When developing the PA, we intended for it to be a clinically pertinent tool. The decision to include patients with different types of hip arthroplasties was taken in order to generate a PA that has the ability to perform successfully in a heterogeneous population. Moreover, we included subjects with complete information one to two years following the procedure, as patients are followed closely by their surgeons during this period, and the rehabilitation process can easily be altered if the progression is judged suboptimal.
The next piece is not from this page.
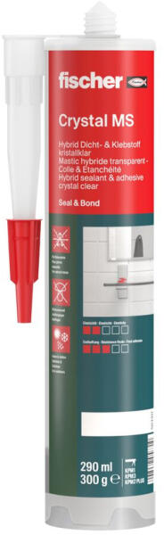 FISCHER MS-290 Tömítőragasztó, áttetsző, 290 ml (503317) Terméki nformáció: A fischer KD 290 univerzális tömítőragasztó egykomponensű hibrid polimer. A kiváló minőségű MS polimer lehetővé teszi a rugalmas ragasztást a rezgéscsillapító és a feszültségkompenzáló csatlakozások számára. Ezenkívül a nem nedvszívó felületekhez is alkalmazható. A rendkívül nagy 1

In one instance, the interpretation process may yield a counterintuitive situation. For example, it is possible, in an extreme scenario, for a 49 year-old male patient with a BMI of 22 kg/m2 and with no pain when walking on a flat surface as well as with no difficulty with putting on socks or stockings to be classified as at risk of suboptimal surgical outcomes. This pattern of answers was however shown to have the best predictive capabilities when developing the algorithm with recursive partitioning. This situation underlines the concept that a predictor is not necessarily a determinant.

Strengths of the study

The developed PA is, to our knowledge, the first one of its kind to discriminate THA or HR results based on more than one parameter, namely patients’ functional, stiffness and pain levels as well as their perception of the replaced hip joint. In the context of a lack of an accepted standard of surgical failure, this approach increases the likelihood of the patients thusly classified to truly present subpar outcomes. Moreover, this classification identified 15.1 % of the patients as having unsuccessful outcomes, well in line with the published proportions of what can be considered a suboptimal outcome [8]. Finally, the rigorous statistical analysis employed in the development of the PA underlines the stringency of our approach.

Limitations of the study

Due to its retrospective design, the study has a certain risk of selection bias. Compared to the subjects excluded due to missing data, the included participants were, on average, younger, had a greater number of comorbidities and a greater proportion were male (p < 0.05, data not shown). Nevertheless, the preoperative baseline status as measured by the WOMAC domains as well as the total WOMAC score was not statistically significantly different between the included and the non-included subjects (p > 0.05, data not shown). Additionally, only 265 out of the 1207 procedures (22.0 %) that were performed during the study time period met the inclusion criteria, therefore potentially limiting the generalizability of the results. Moreover, the population under study was patients undergoing primary unilateral hip replacement procedures, which precludes the utilization of this tool for patients undergoing revision or bilateral interventions. Recent evidence identifies other variables potentially associated with hip arthroplasty outcomes that were not included in our study, thus potentially limiting the pool of candidate predictor variables. Although there is no consensus regarding the optimal sample size for developing models employing recursive partitioning, the progressively smaller number of cases in the leafs as the tree was built may limit the reliability of the findings, prompting further development in a subsequent study. Before employing it in a clinical setting, the decision rule has to be validated in a different sample of patients. Moreover, the performance of the PA has to be compared to clinical judgement alone and its financial impacts require evaluation.

Conclusions

The developed PA may discriminate with excellent capabilities the patients undergoing hip arthroplasty that are at the highest risk of suboptimal pain, functional limitations and joint perception outcomes on an average of 15 months following the intervention. Its implementation has the potential of targeting susceptible individuals such as to modify their risk profile, and eventually, improve surgical results.